Treatment of noncollinear magnetism

In the case of noncollinear magnetism, the Kohn-Sham equation obtains the form

$$\begin{equation} \renewcommand{\vec}[1]{\mathbf{#1}} \left \{ - \frac{\hbar^2}{2m} \nabla^2 \ {\mathbf I}_2 + {\mathbf V} \right \} \mathbf \Psi_{\nu} = \epsilon_{\nu} \mathbf \Psi_{\nu} \end{equation}$$

where ${\mathbf I}_2$ is the unit-matrix. The kinetic energy part of the Hamiltonian is diagonal in the two-dimensional spin space. Only the off-diagonal part of the hermitian $2\times2$ potential matrix

$$\begin{equation} \renewcommand{\vec}[1]{\mathbf{#1}} \mathbf{V} = V \ {\mathbf I}_2 + \mu_B \ \mathbf{\sigma} \cdot \mathbf{B} . \end{equation}$$

couples the two components of the Pauli spinor $\mathbf \Psi_{\nu}$. It is obtained from the density matrix, $\rho_{\alpha\beta}$, that is given by a very simple relation in terms of the solutions of the Kohn-Sham equation, $\mathbf \Psi_{\nu} = (\psi_{\nu,1},\psi_{\nu,2})$:

$$\begin{equation} \renewcommand{\vec}[1]{\mathbf{#1}} \rho_{\alpha\beta} = \sum_{\nu=1}^N \psi_{\nu, \alpha}^{\ast} \psi_{\nu, \beta} \quad \mathrm{with} \quad \alpha,\beta \in 1,2 . \end{equation}$$

It is related to the density and magnetization by

$$\begin{equation} \renewcommand{\vec}[1]{\mathbf{#1}} \mbox{$\mathbf \rho$} = \frac{1}{2} \left( \ n \ {\mathbf I}_2 + \mbox{$\mathbf \sigma$} \cdot {\mathbf m} \right) = \frac{1}{2} \left( \begin{array}{cc} n + m_z & m_x - im_y \\ m_x + im_y & n - m_z \end{array} \right), \end{equation}$$

where ${\mathbf I}_2$ is the unit-matrix in spin-space and $\mathbf{\sigma}$ is the vector of the Pauli matrices.

Note, that in a non-collinear calculation you can monitor the convergence of all three parts of the density matrix, the two diagonal ones (spin 1 and 2) and one of the off-diagonals (spin 3). In non-collinear calculations core-tail corrections have to be switched off: calculationSetup/coreElectrons/@ctail has to be set to F.

When performing calculations with noncollinear magnetism in Fleur the magnetization in the interstitial region is treated as a continuous vector field while in the MT spheres the magnetization is approximated to be collinear and pointing in a fixed direction. Only the magnitude of the magnetization may change within a MT sphere. This is a reasonable approach for transition metals with small spin-orbit effects. The following figure illustrates this approach.
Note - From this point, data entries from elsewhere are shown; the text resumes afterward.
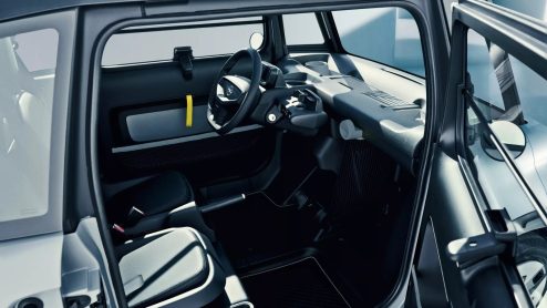 While the Ami received a full restyling last year, the Opel Rocks only gets new color schemes. The black and gray panels have swapped colors, and the bright yellow accents are mostly gone. The interior remains basic, with a heater, fan, wireless speaker, and a transparent roof. It also has lost its colors.
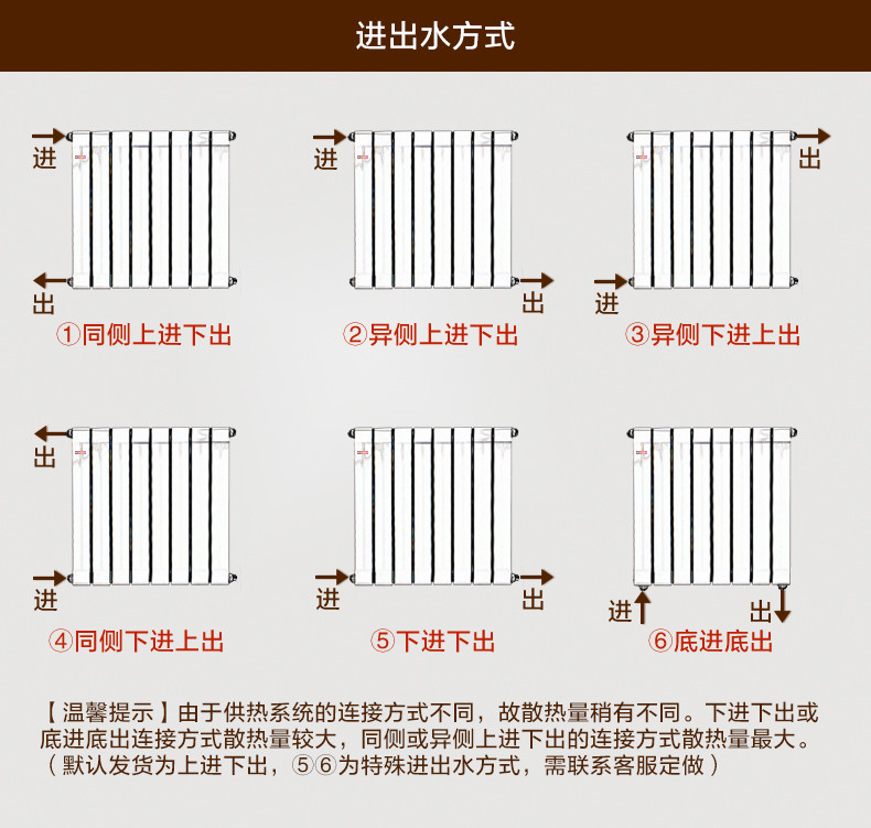 安装散热器设备时,请细心检验包装中散热器的种类,色调和配件,附件包括1个塞子,1个排气阀,3个支架,须要将进水阀和出水阀安装在散热器的安装方式。不用为了省钱而忽视这些过程。在安装管道时,应根据本书中的安装图改动散热器的安装方式。
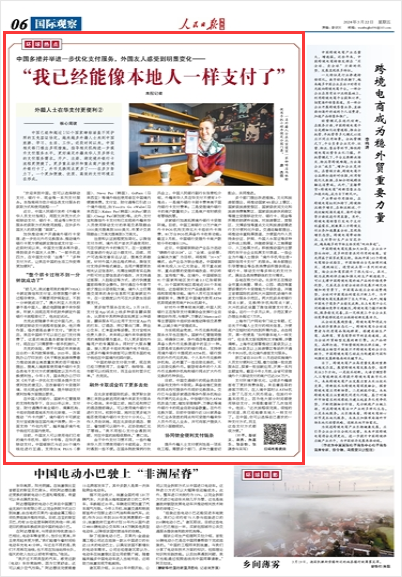 加快推动商户开通境外银行卡受理、进一步优化外币兑换服务、推动境外银行卡更方便地绑定微信或支付宝……近段时间以来,中国支付服务再升级,得到很多外国友人点赞:“一部手机走四方,在中国支付很‘丝滑’”“多种支付方式,让我在中国的生活工作变得更加便利”。

Illustration of the treatment of noncollinear magnetism in Fleur. Image taken from: Philip Kurz, Non-Collinear Magnetism at Surfaces and in Ultrathin Films (PhD Thesis, RWTH Aachen).

<nocoParams l_relax="F" alpha="Pi/2.0" beta="Pi/4.0" 
            b_cons_x="0.0" b_cons_y="0.0"/>

Assume that there are two symmetry equivalent atoms in the same atomGroup of a unit cell, then setting $\alpha=0.0$ and $\beta=\pi$ describes an antiferromagnetic structure.

In detail the angles $\alpha$ and $\beta$ define the direction of the exchange $\vec{B}$ field in the atoms at the start of a self-consistency step. After the diagonalization, the resulting charge density is not necessarily collinear in the muffin-tin spheres and even the average magnetization direction can point away from the defined SQA. It can happen (e.g. due to symmetry) that the magnetization stays in the direction of the SQA, but generally this will not be the case.

To consider the full non-collinear output magnetization density (also in the MT spheres) for a plot the switch calculationSetup/nocoParams/@l_mperp has to be set to T. Afterwards one has to follow the normal plotting procedure for a density.

Note that if spin-orbit coupling is considered together with noncollinear magnetism, i.e., calculationSetup/soc/@l_soc is set to T, spin-orbit coupling is already treated in first variation. In this case calculationSetup/cutoffs/@numbands is not a relevant cutoff parameter.

Besides just keeping the angles $\alpha$ and $\beta$ fixed there are two optional calculation modes that deal with output magnetization directions in the MT spheres that do not conicide with the input directions:

• Adjusting the SQA in the direction of the output magnetization
• Constraining the magnetization to the direction of the specified SQA

In both cases, it is necessary to know the component of the output magnetization that is perpendicular to the SQA. This is obtained by setting calculationSetup/nocoParams/@l_mperp to T.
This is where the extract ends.